We are delighted to announce the Winner of the 2016 Cafe Writers Open Poetry Competition, judged by Andrew McMillan, is Liz Lefroy with her poem This Is Not To Exaggerate.
This Is Not To Exaggerate
Know this catastrophe for what it is:
Not in the sense that a leaf
nor the way a pebble doesn’t know anything but the wear
and tear of its shifting.
This cannot be compared
to a blackbird calling unheard before dawn
edges up on it.
It’s none of these. This is careless,
like the act of grasping at an apple stalked
to its green branch,
and, finding it resistant,
against its own fibres till they break.
its juice is sour powder, drying out the tongue
which hoped for sweetness.
But too late; there’s no remedy
for a thing
torn from its becoming.
Things could’ve been different.
What to do now
but toss it into the grass, the near whole of it unfinished.

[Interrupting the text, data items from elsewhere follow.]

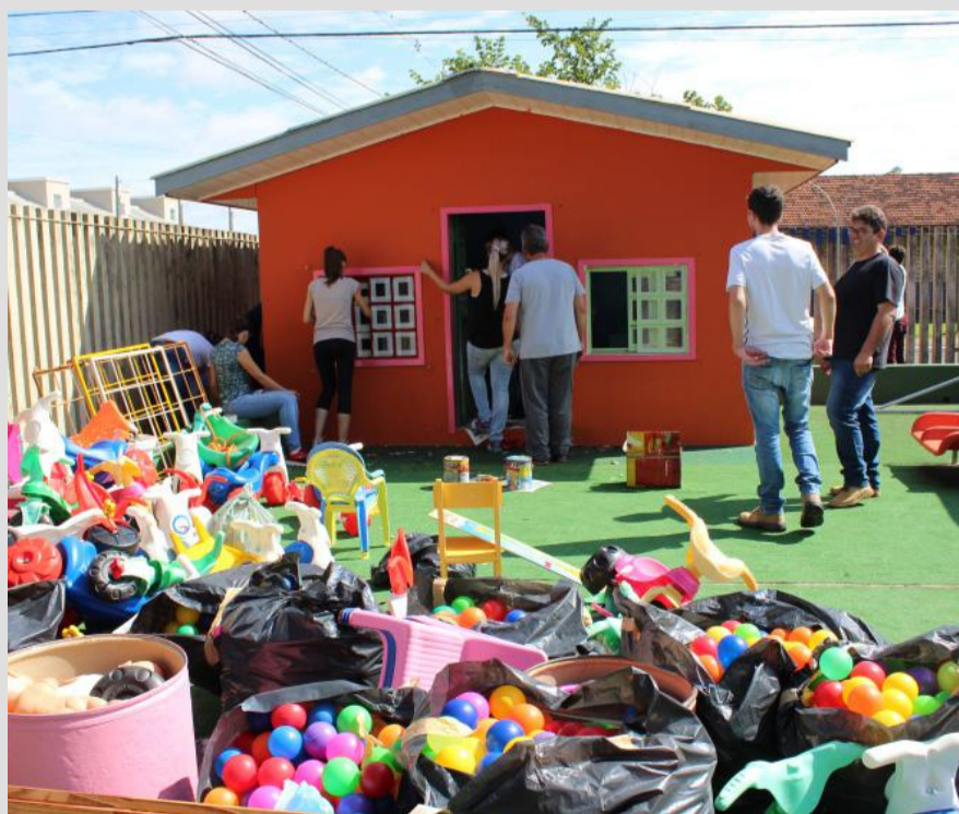
Gesto solidário envolve cerca de 100 acadêmicos

O Cmei (Centro Municipal de Educação Infantil) Professora Constantina Henkel, do Jardim Coopagro, foi o local escolhido pelo curso de Engenharia Civil da Unipar de Toledo para ser revitalizado.
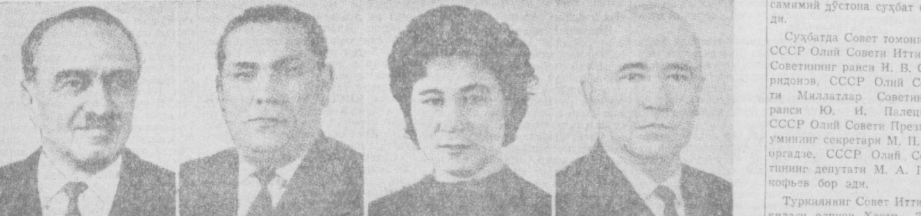
А. Н. МИКОЯН. СССР Олий Совети Президиумининг аъзоси.
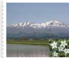
5 遊佐郵便局 鳥海山とチョウカイフスマ
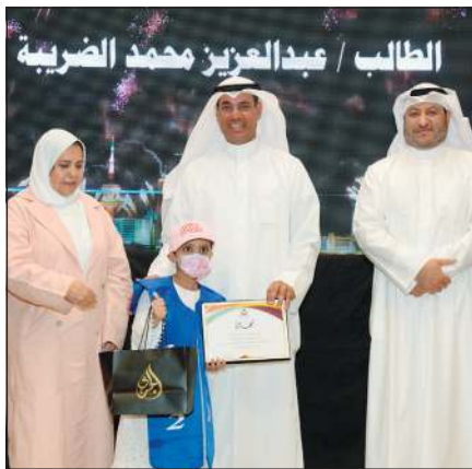
تكريم أحد الطلبة
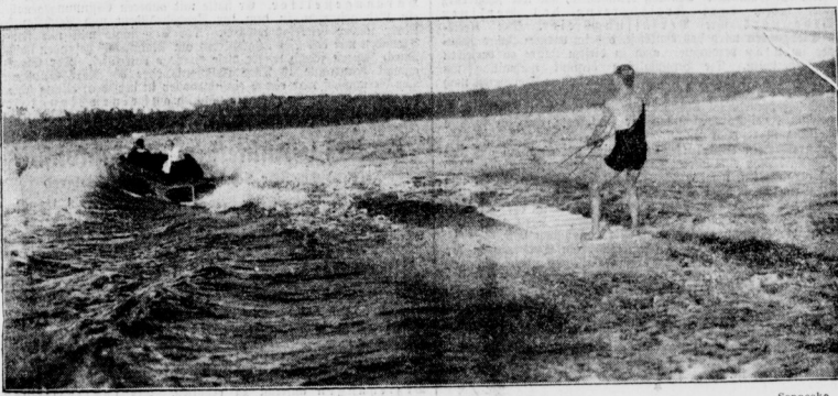
Wellenreiter auf dem Wannensee
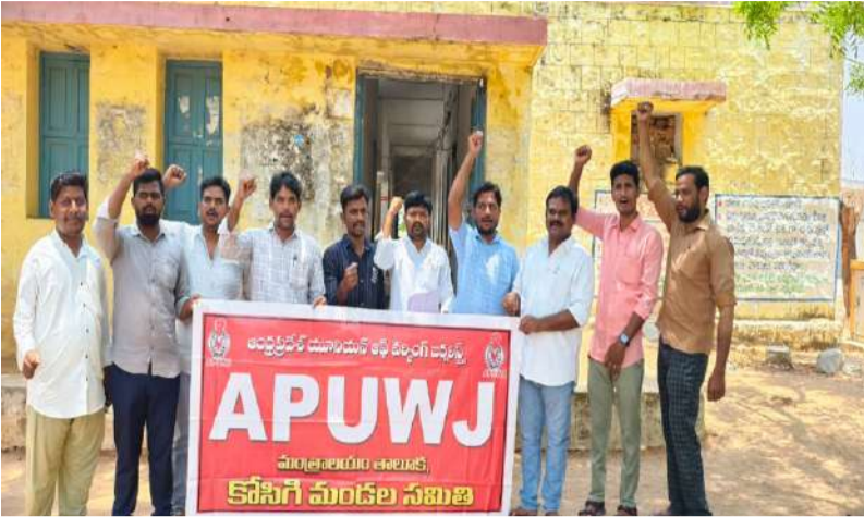
కోసిగిలో ఏపీయూడబ్ల్యుజే భారీగా ధర్మా... నిందితులను వెంటనే అరెస్ట్ చేయాలి: ఏపీయూడబ్ల్యుజే డిమాండ్ కోసిగి తహసిల్దార్ కార్యాలయం ముందు జర్నలిస్టుల నిరసన

Liz Lefroy read in June 2016 as a guest on Carol Ann Duffy’s Shore to Shore tour in support of Independent booksellers. She was winner of the 2011 Roy Fisher prize and was highly commended in the Bridport Prize 2015. She has published three pamphlets, most recently, Mending The Ordinary (Fair Acre Press). Liz’s work has appeared in Mslexia; The Frogmore Papers; Magma; Shoestring; Ink, Sweat and Tears; the Writers’ Hub, Bare Fiction, Wenlock Poetry Festival anthologies 2013, 2015 and 2016; The Emergency Poet Anthology and Off the Shelf edited by Carol Ann Duffy. She reads regularly at poetry festivals and literary events, including performances of her dramatic sequence, The Seven Rages of Woman in her stage persona, Someone’s Mum, most memorably at the Edinburgh Fringe. She hosts the Poetry Busk at Wenlock Poetry Festival, is organiser of Shrewsbury Poetry and appears regularly on BBC Radio Shropshire. Liz is a senior lecturer in Social Work at Wrexham Glyndŵr University.

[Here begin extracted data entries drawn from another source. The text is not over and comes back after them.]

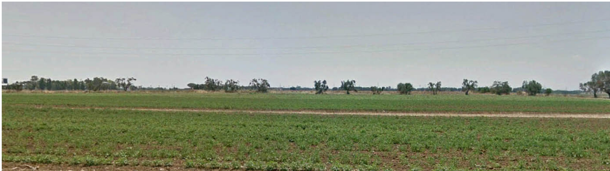
PUNTO FOTOGRAFICO 04 CENTRO ABITATO BRINDISI ANTE OPERA
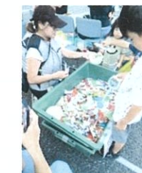
宮花宿三・四丁目
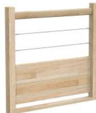
Bois / Câbles Soubassements en bois et câbles horizontaux Ø4 mm
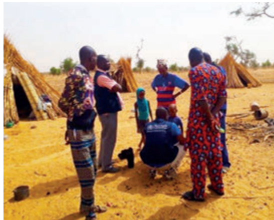
Investigation d'un cas de rougeole au hameau de Korolou-wé, Aire de santé de Koporopen Koro

Quelques chiffres sur les performances des MDO en 2018
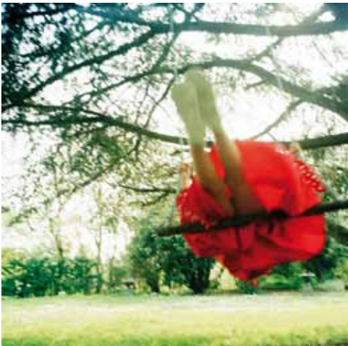
© Pascaline Marre, Le coquelicot courtesy Galerie Binôme
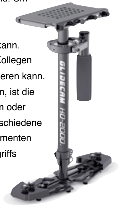
Abbildung 2: Glidecam HD-2000

Damit die Aufnahmen für den Betrachter des Filmes angenehm sind, musste sichergestellt werden, dass die Aufnahmen ruhig sind. Um die Aufnahmen zu stabilisieren wurde beim Dreh hauptsächlich ein normales Stativ verwendet, das man auch für normale Fotoaufnahmen verwenden kann. Zusätzlich informierte ich mich im Internet und bei Kollegen darüber, wie man die Aufnahmen zusätzlich stabilisieren kann. Eine weitere Möglichkeit, Aufnahmen zu stabilisieren, ist die Verwendung eines Schwebestativs (auch Steadicam oder Steadicam genannt). In diesem Bereich gibt es verschiedene Lösungen, die sich auch in verschiedenen Preissegmenten bewegen. Das Original des Lizenzinhabers des Begriffs Steadicam kostet ungefähr 1000.- CHF, ein etwas anderes Prinzip der Firma Glidecam kostet ungefähr 500.- CHF und Johnny Lee bewirbt auf seiner Website 2 ein Stativ zum Selberbauen, das laut seinen Angaben bloss 14$ kosten soll. In dieser
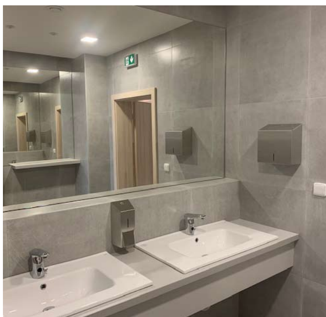
■ Kultivovaná proměna prostředí toalet.

Second Prize goes to Suzanna Fitzpatrick for Afterbirth:
The ewes are tight with liquid, precious kegs
chock-full of salty dark. When they flood,
their lambs ride out the amniotic wave
in one smooth dive, snap the umbilicus
which spills scant blood. The rest appears
later, forgotten but spectacular,
the plunge of afterbirth a bloody moult
clotting in straw. I watch for it. If left
they’ll eat it, salvage flotsam energy,
but farming demands hygiene. Back at home
unplugging my own tide, I flush away
my own blood, unused.
Suzanna Fitzpatrick has been widely published in magazines and anthologies, including Furies (For Books’ Sake), The Emma Press Anthology of Slow Things, and Birdbook III (Sidekick Books). She has been commended in a number of competitions, won second prize in the 2010 Buxton Competition, and won the 2014 Hamish Canham Prize. Her poetry has been aired on Radio 4, and her debut pamphlet, Fledglings, is published by Red Squirrel Press. She lives in Kent with her husband, son and daughter.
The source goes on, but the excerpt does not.